Podía enfrentarse a las normas raciales por una mujer y continuar sirviendo a una organización construida sobre el antisemitismo.
Podía amar de forma intensa y seguir siendo peligroso.
Esa es la parte de la historia que resulta más difícil aceptar.
Nos tranquiliza pensar que los responsables de atrocidades son criaturas completamente distintas de nosotros. Seres sin afecto, sin familia, sin miedo y sin capacidad de ternura.
Pero Auschwitz no fue construido únicamente por hombres incapaces de sentir.
También fue administrado por personas que escribían cartas, recordaban cumpleaños, amaban a sus hijos, guardaban fotografías y podían mostrarse amables con alguien elegido.
La existencia de esos sentimientos no redujo sus crímenes.
Los volvió más aterradores.
Porque significaba que no necesitaban dejar de ser humanos para participar en lo inhumano.
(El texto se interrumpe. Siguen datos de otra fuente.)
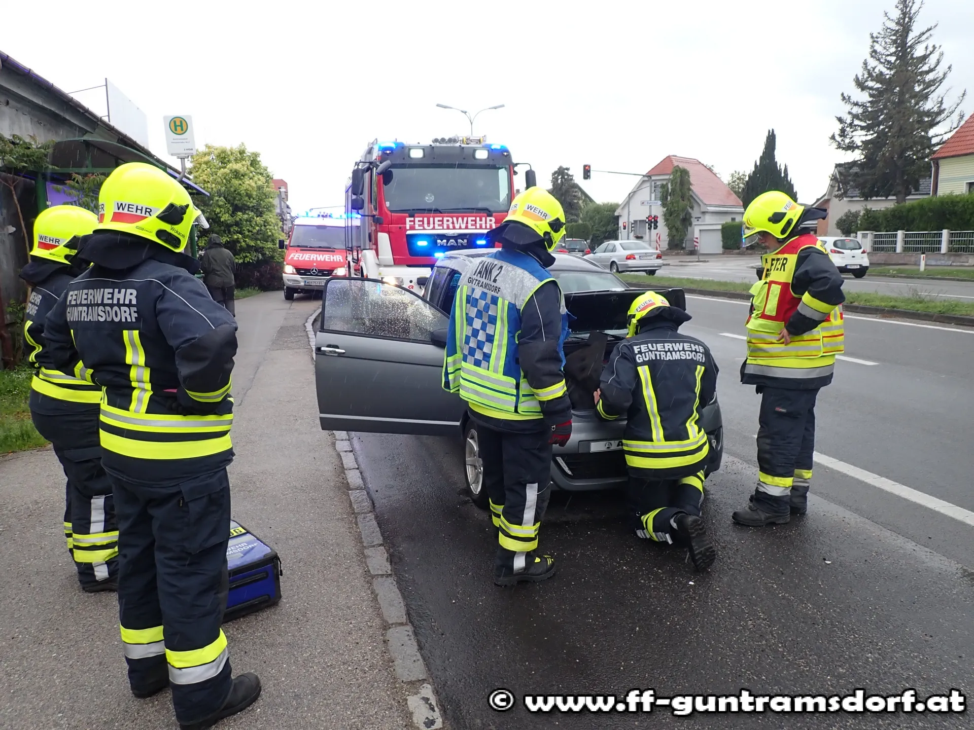 – FF Guntramsdorf mit Kommandofahrzeug, Tank 2, Tank 1 und 19 Mitgliedern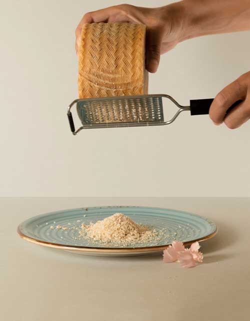• ¿Y por qué no usar un rallador? Este conocido utensilio de cocina se reinventa y se presenta como el accesorio idóneo para degustar una de las partes más sabrosas y de mayor concentración de sabor: la pleita, parte vertical marcada por un trenzado en la corteza. Un falso mito sostiene que la corteza del queso no se come: en el caso de Dehesa de los Llanos, con las condiciones higiénico-sanitarias en las que se curan los quesos, hace que los mohos naturales que colonizan la corteza, así como el cepillado exhaustivo con aceite de oliva virgen extra, pueden degustarse con total sabor y seguridad. La corteza concentra los sabores multiplicados por dos.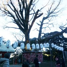 幹が二つで根が一つになったこの樹は江島神社の辺津宮のご神木とされ、二つが一つになることから良縁を願う人々にご信仰があります。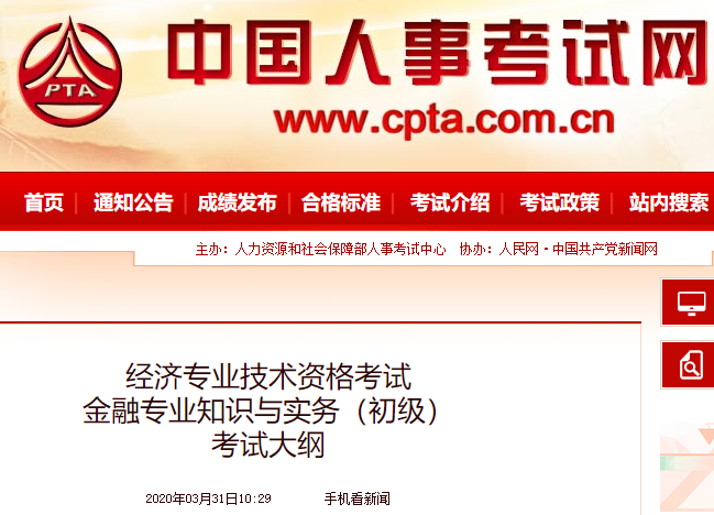 中国人事考试网发布2020年初级经济师《金融》考试大纲

Helena tampoco debía ser convertida en una figura romántica que “domesticó” a un nazi.
Ella fue una prisionera.
Su prioridad era sobrevivir.
Utilizó las escasas posibilidades que aparecieron ante ella y, cuando pudo, trató de extender esa protección a su hermana y a otras personas.
No le debía pureza moral a quienes nunca tuvieron que tomar decisiones dentro de Auschwitz.
Tampoco le debía inocencia a Wunsch por haberla ayudado.
Por eso su declaración en Viena fue tan poderosa.
No negó la compasión.
No ocultó la violencia.
Se negó a sacrificar una verdad para defender la otra.
Franz Wunsch salvó vidas.
Franz Wunsch también participó en la maquinaria de Auschwitz.
Las dos afirmaciones pueden ser ciertas.
Y ninguna elimina a la otra.
La historia de Helena Citrónová no demuestra que el amor redima cualquier crimen.
Demuestra algo mucho más incómodo: un acto de bondad no borra una vida de complicidad, una víctima puede aceptar ayuda sin convertirse en cómplice y un ser humano puede proteger con ternura a una persona mientras contribuye a destruir a miles.
Porque el mal más peligroso no siempre carece de corazón; a veces ama a una sola persona mientras ayuda a condenar a todo un pueblo.